- **WORK INSTRUCTION**
Under this line sits a listing. Repeat exactly and only its lines from the one holding "Figur 5: Manglende" through the one holding "石川中央校 会場案内図"; skip pictures.
Segment Start: INFORMATION SUPPLIED
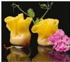
25. RAVIOLI DI POLIPO* 3PZ € 3,00 polipo e gamberi
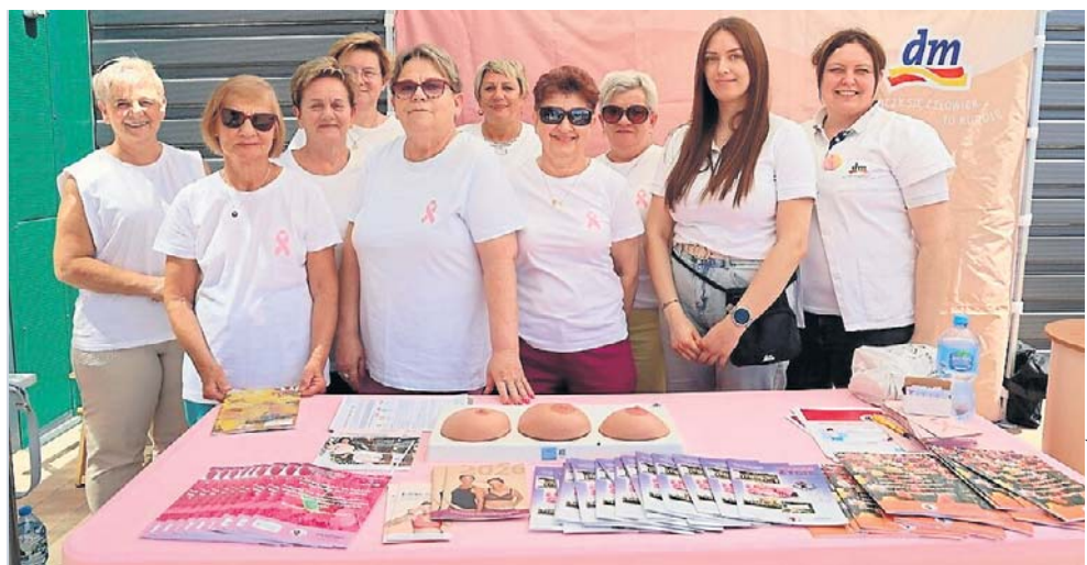
Akcja profilaktyczna w Grodzisku Wielkopolskim odbyła się we wtorek i czwartek

Wtorkowa akcja przy ulicy Fabrycznej trwała do godziny 16, jednak na tym działania grodzkich amazoнок się nie zakończyła. Dla kobiet, które z różnych przyczyn nie zdołały dotrzeć na miejsce, przygotowano kolejną możliwość do zdobycia bezcennej wiedzy. W czwartek, 28 maja, przedstawicielki stowarzyszenia dyżurowały w sklepie Esotiq przy ulicy Przemysłowej. W godzinach od 11 do 18 można było tam otworzyć porozmawiać o barierach profilaktycznych, skonsultować swoje wątpliwości oraz przełamać opór przed regularnymi wizytami u lekarza. ©
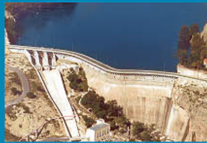
Dam de la Cruz

El río nace en la Sierra de Segura , en la provincia de Jaén a 1.413 metros sobre el nivel del mar, a unos 5 Km. de la localidad de Pontones . El Segura transcurre por un territorio en general bastante montañoso, rebasando con frecuencia los mil metros. Estos picos se alternan con valles, depresiones y llanuras. A lo largo del recorrido del río nos encontramos con tres gigantes que superan los 2.000 metros: La Sierra de las Cabras (2.081 m) en la provincia de Albacete, Cerro Poyo (2.045 m) en la Sierra de María al norte de la provincia de Almería y Navacerrada (2.014 m) situado en la Sierra Seca dentro del término municipal de Moratalla (Región de Murcia). En el límite de las provincias de Murcia y Albacete recibe las aguas del río Mundo y a la altura de Calasparrá recibe a su afluente el río Moratalla y el río Argos . En esta zona se encuentra el paraje natural del Cañón de Almedanos ,
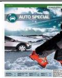
AUTO SPECIAL GÖRLITZ
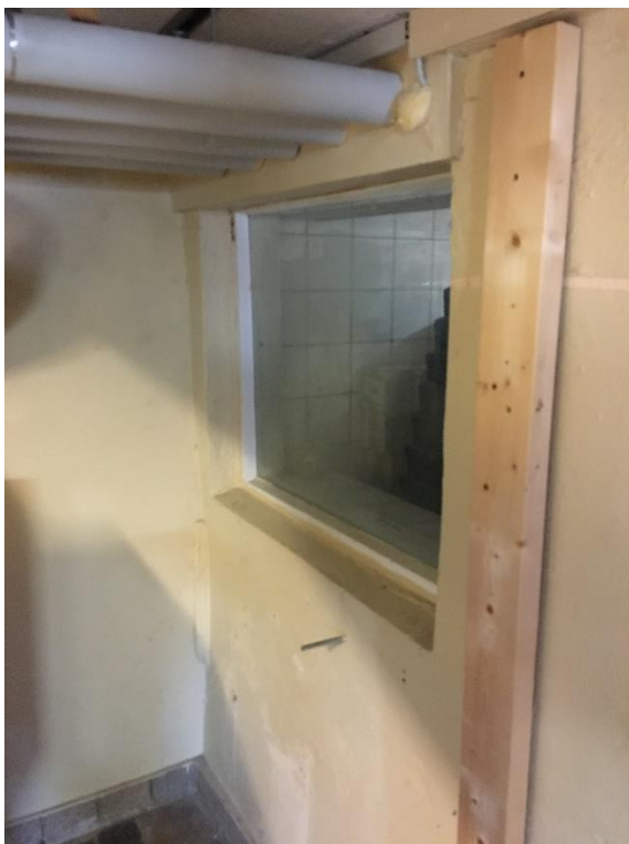
Figur 5: Manglende brandmæssig adskillelse fra depot til teknikrum
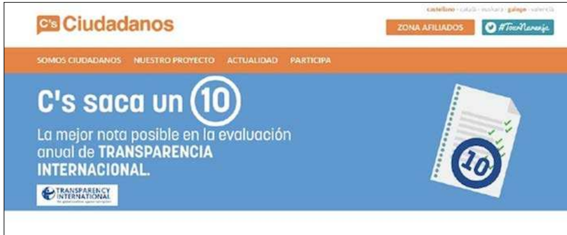
Imagen 3. Portal de transparencia de Ciudadanos

Ciudadanos también incluyó una pequeña referencia a indicadores de cumplimiento de transparencia, aunque únicamente se trataba de una imagen con el 10 que le otorgó Transparencia Internacional.
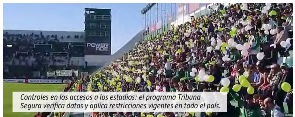
Controles en los accesos a los estadios: el programa Tribuna Segura verifica datos y aplica restricciones vigentes en todo el país.

jurisdicción, incluidos los estadios del sur del conurbano bonaerense, como los de Club Atlético Lanús y Club Atlético Banfield. La resolución aplica concretamente la sanción a 30 personas identificadas en incidentes ocurridos durante un partido organizado por la Asociación del Fútbol Argentino. Sin embargo, el alcance es general: ante episodios de
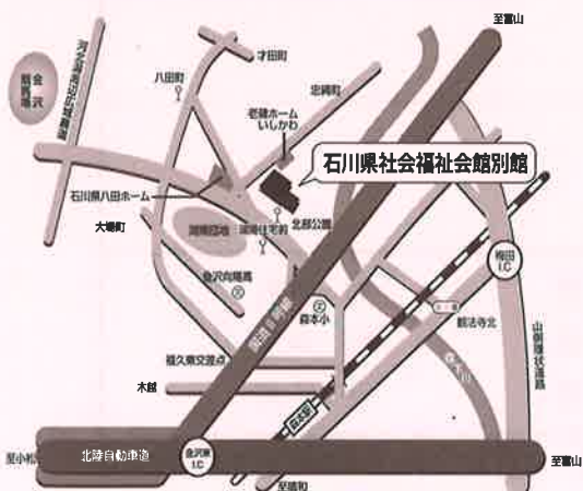
石川中央校 会場案内図
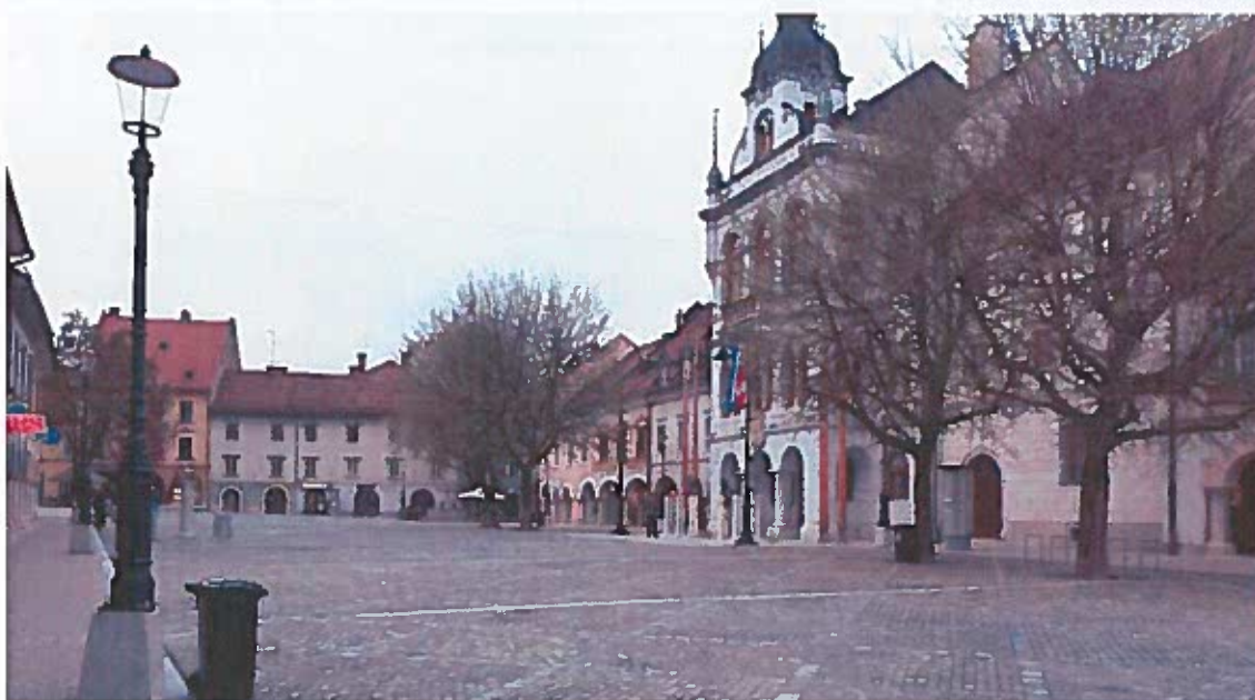
Glavni trg Novega mesta na sobotno popoldne

Zakaj, kljub temu, da je v proračunu MO Novo mesto v letu 2019 predvideno 1.417.900,00 EUR za študije o izvedljivosti projektov, projektno dokumentacijo, nadzor in investicijski inženiring niti Občani niti Občinski svet MO Novo mesto nismo bili seznanjeni s prometno študijo glede zaprtja Glavnega trga? Ali je ta študija sploh bila izvedena?
Segment End: INFORMATION SUPPLIED
- **ANSWER FOR THE TASK**
Figur 5: Manglende brandmæssig adskillelse fra depot til teknikrum
Imagen 3. Portal de transparencia de Ciudadanos

Ciudadanos también incluyó una pequeña referencia a indicadores de cumplimiento de transparencia, aunque únicamente se trataba de una imagen con el 10 que le otorgó Transparencia Internacional.
Controles en los accesos a los estadios: el programa Tribuna Segura verifica datos y aplica restricciones vigentes en todo el país.

jurisdicción, incluidos los estadios del sur del conurbano bonaerense, como los de Club Atlético Lanús y Club Atlético Banfield. La resolución aplica concretamente la sanción a 30 personas identificadas en incidentes ocurridos durante un partido organizado por la Asociación del Fútbol Argentino. Sin embargo, el alcance es general: ante episodios de
石川中央校 会場案内図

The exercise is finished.